Cezaevlerinde toplam 385 kişi yaşamını yitirdi;

- 144 kişi kuşkulu bir şekilde öldü.

- 14 kişi açlık grevinde öldü.

- 16 kişi 'kaçarken' vuruldu.

- 95 kişi 'çatışmada' öldü.

- 73 kişiye 'doğal ölüm raporu' verildi.

- 43 kişinin 'intihar ettiği' bildirildi.

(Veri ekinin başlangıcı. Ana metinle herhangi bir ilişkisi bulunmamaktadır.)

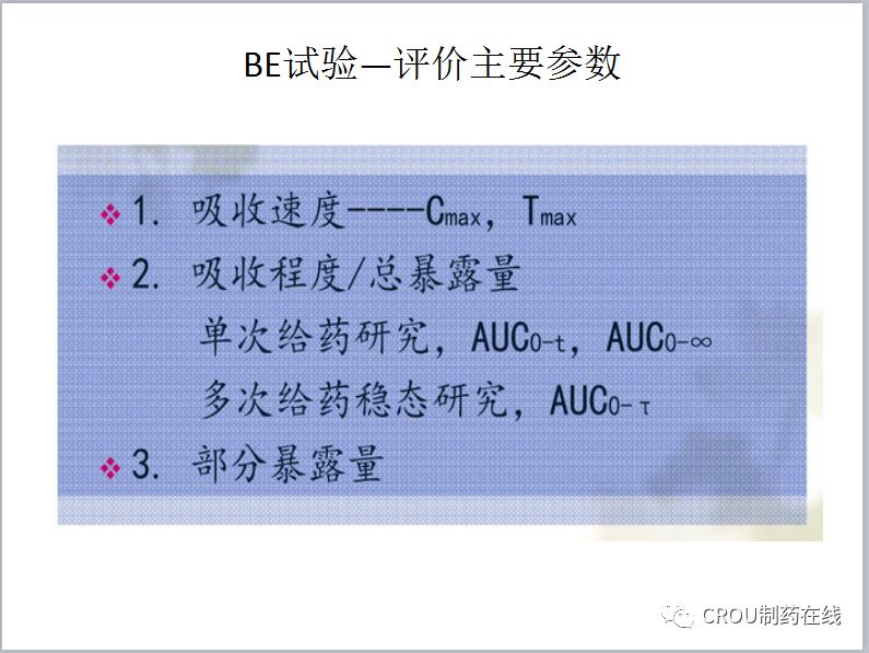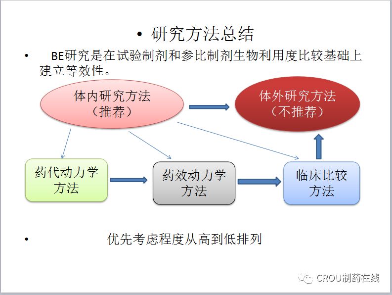 通常推荐采用单次给药药代动力学研究方法评价生物等效性,因为单次给药在评价药物释放的速度和程度方面比多次给药稳态药代研究的方法敏感,更易发现制剂释药行为的差异。

'bu utanç tablosunun cezasız kalmasına göz yummak, demokrasi inancıyla ne derece bağdaşır?' sorusuna yanıt bulmadan, 'bu yaşananların baş sorumlusu olan 95 yaşındaki bir adamın yargılanmasını yermek ne derece doğrudur?' sorusunun yanıtını aramak pek de doğru olmayacaktır kanısındayım.

edit : yazım kuralları.
sadece türkiye de olabilecek bir olaydır. ve ne yazık ki bunu görüp bakın hükümetimiz her şeyi açığa çıkarıyor diyen insanlar var.
her şey m.ö 220'de mete han'ın orduda onluk sistemi kurmasıyla başladı. temele inmek lazım.
bu gün orada müdahil olan 105 yaşında bir anne vardı. oğlunun mezarının nerede olduğunu bilmek isteyen. o kadın için oğlunun mezarını bulan adam kahramandır.
"yargılamayıp da bu fırsatı kaçıralım mı ?".
Bunu tartışmak kararı etkilemeyecektir ama (bkz: gizem için ilik) birçok hayatı değiştirebilir. lütfen, (bkz: gizem için ilik).
bugüne kadar iktidara gelenler hep biz darbenin birinci mağduruyuz deyip darbe üzerinden nemalandı. ama hiç biri darbeyi yargılamayı teklif dahi edemedi. işte bu zihniyet yüzünden ak parti bugün kahraman gibi algılanıyor toplumun zihninde.
kenan evreni kesinlikle savunmuyorum ama bizim vatandaşlarımız da saf olmasaymış. ajan oyununa gelmeselermiş. ülkede sağ-sol çatışması varmış edasını yaratan, ve nihayetinde amacına ulaşan gizli servis yavşaklarına kanmasalarmış. belki ordunun müdahalesi gerekmezdi o zaman ne olacaktı. 1980 lerde güvenliğimizden sorumlu olan emniyet teşkilatı bile iki gruba ayrılmıştı. (bkz: pol der)- (bkz: pol bir) diye. hatta bu iki grup bir birilerini bile öldürmeye başlamıştı. o zaman ki hükümet akıllı davranıp halkı sakinleştiremedi. yapmayıp allah aşkına, tek suçlu kenan evren mi? tahsin şahinkaya mı? ancak gülerim ben buna...!
yasi problem ediliyorsa yasi kucultturulup yargilanabilir pekala, zamaninda cocuk yastakilerin yasini buyutup astirdigi gibi.
önemli olan kenan evren'in yaşı değildir. Zaten beyni olan aklın yaşta olmadığını anlamıştır. Asıl nokta yaptıklarından hesap sorulmasının niye bu kadar gecikmiş olmasıdır, iktidara söylüyorum bunları kürt açılımı dediniz, sahte gündemler yaratıp halkı oyaladınız. neden 10 yıl beklediniz şu yasayı kaldırmak için. jeton sonradan mı düştü? hiç zannetmiyorum. ikinci soruya gelecek olursak: 12 eylül 1980 travmasının asıl sorumlusu sadece kenan evren midir? işkenceci faili meçhuller nerede onları yakalayabildiniz mi? ne oldu onlara buharlaştılar mı amk evlatları?
durmak yok uyumaya devam..
yargılanan 95 yaşındaki adam değildir. vicdanlardır.
yargılayanlar da kahraman değil, korkaklardır...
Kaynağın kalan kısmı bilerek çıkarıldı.